Heyneke Meyer should select the inexperienced players in his Springbok squad for the match against the World XV, writes MARK KEOHANE.
Those in South African rugby and politics who always equate transformation to non-white playing numbers in the national squad will be euphoric with the numbers in Springbok coach Heyneke Meyer’s Springbok squad. But it is one thing to name a player in a 36-strong squad; it is quite another to play him in a starting XV or in match-day line-up.
This will be the challenge for Meyer in the next month. The warm-up against the World XV at Newlands on Saturday and the Tests against Wales (two) and Scotland respectively will test Meyer’s conservatism and historical philosophy that best plays every time.
Meyer has seldom experimented with the Boks. He has selected his tried and trusted and, outside of four defeats against the All Blacks, has got the reward.
Meyer has in the past two years settled on his best starting XV. It reads: Willie le Roux, JP Pietersen, Jaque Fourie, Jean de Villiers, Bryan Habana, Morné Steyn, Fourie du Preez, Duane Vermeulen, Willem Alberts, Francois Louw, Victor Matfield, Eben Etzebeth, Jannie du Plessis, Bismarck du Plessis and Beast Mtawarira. Matfield only returned this season after retiring in 2011 but Meyer had always wanted him as his starting No 5 lock option in terms of the World Cup.
Meyer, in his first season, ignored the bulk of the overseas veterans and picked a very young squad. It was his way of building the second tier within his squad. In the next month he has to add to that second tier.
It is why Marnitz Boshoff’s exclusion, as a flyhalf option, was surprising. Boshoff’s game looks ideally suited to Meyer’s style and to the demands of Test rugby. His goal-kicking is also the best among the South African options.
Cheetahs flank Heinrich Brüssow would always be in my squad but Meyer has never been a fan of the Brüssow way and his omission has nothing to do with the player’s performance but rather with a coach’s belief that the player does not fit in with his playing philosophy.
Meyer, in picking 36 players, would have pleased most with his selections. Now he has to give those second-tier players match opportunities.
Injuries to De Villiers and Fourie will ensure he selects a new midfield and he has plenty of options in the Stormers duo of Damian de Allende and Juan de Jongh. He can play Frans Steyn at No 12 and he also has the option of playing Jan Serfontein and S'bura Sithole at No 12 and 13 respectively. There is exciting cover in the midfield. It is the least of Meyer’s concerns.
Lock cover is also good. Bakkies Botha offers depth, as does Flip van der Merwe. And Pieter Steph du Toit will return later in the year.

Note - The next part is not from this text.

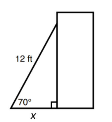 6) A 12-foot ladder touches a building and makes a 70° angle with the ground. How far from the building is the base of the ladder?
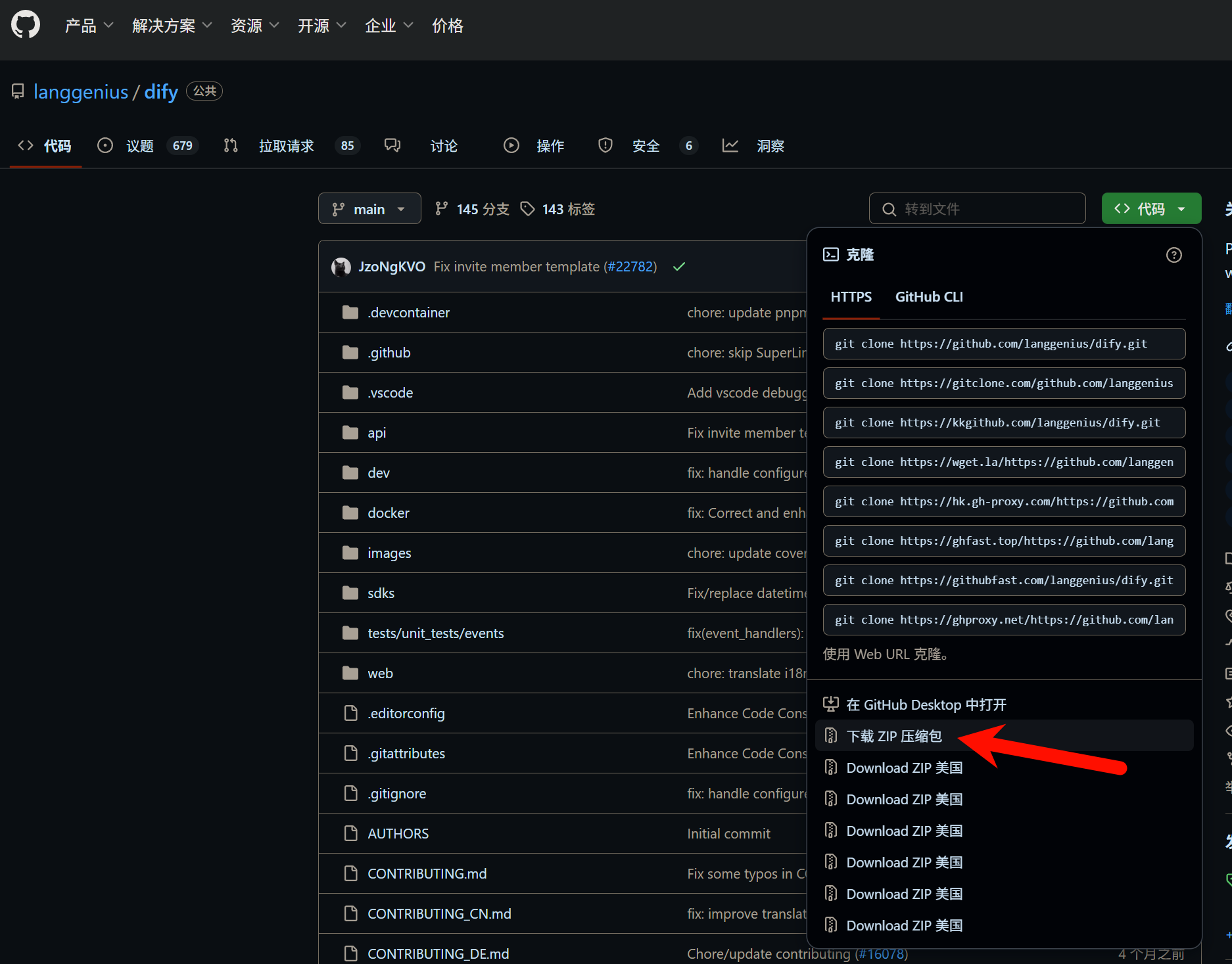 将下载得到的dify-main.zip 文件上传到服务器工作目录。

The flyhalf position remains the most topical and the most influential. Frans Steyn has done a job for the Sharks but his franchise coach Jake White believes his best position is inside centre. Johan Goosen has been hit and miss and Morné Steyn’s first season at Stade Français in Paris has been underwhelming. Morné Steyn, Meyer’s go-to man at the Bulls and Boks, was not in the starting XV for much of the French club season and was even relieved of his goal-kicking duties when he did play. Meyer may want to play Morné Steyn into form or simply trust the history of the player.
The World XV should offer some entertainment but they won’t offer much resistance to the Boks. Nick Mallett is in charge of the squad, but he will only have one training session with his players and a captain’s walk through on Friday.
This is an ideal opportunity for Meyer to play most of the internationally inexperienced players as a starting option and to load his bench with an insurance policy of hardened veterans.
Meyer, in explaining his squad selections, was effusive in his praise for Cornal Hendricks, De Allende, Sithole, lock Lood de Jager, hooker Callie Visagie and flank Teboho Mohoje. Now let’s see if he actually entrusts them with game time against a Welsh squad missing several frontline players and a bunch of Scots who would struggle to win a match in the Vodacom Cup.
Meyer won’t again easily face two squads as weak as that which tours South Africa this month.
His approach, in selection, will be an indicator of the substance to his press release description of the playing qualities of the new caps.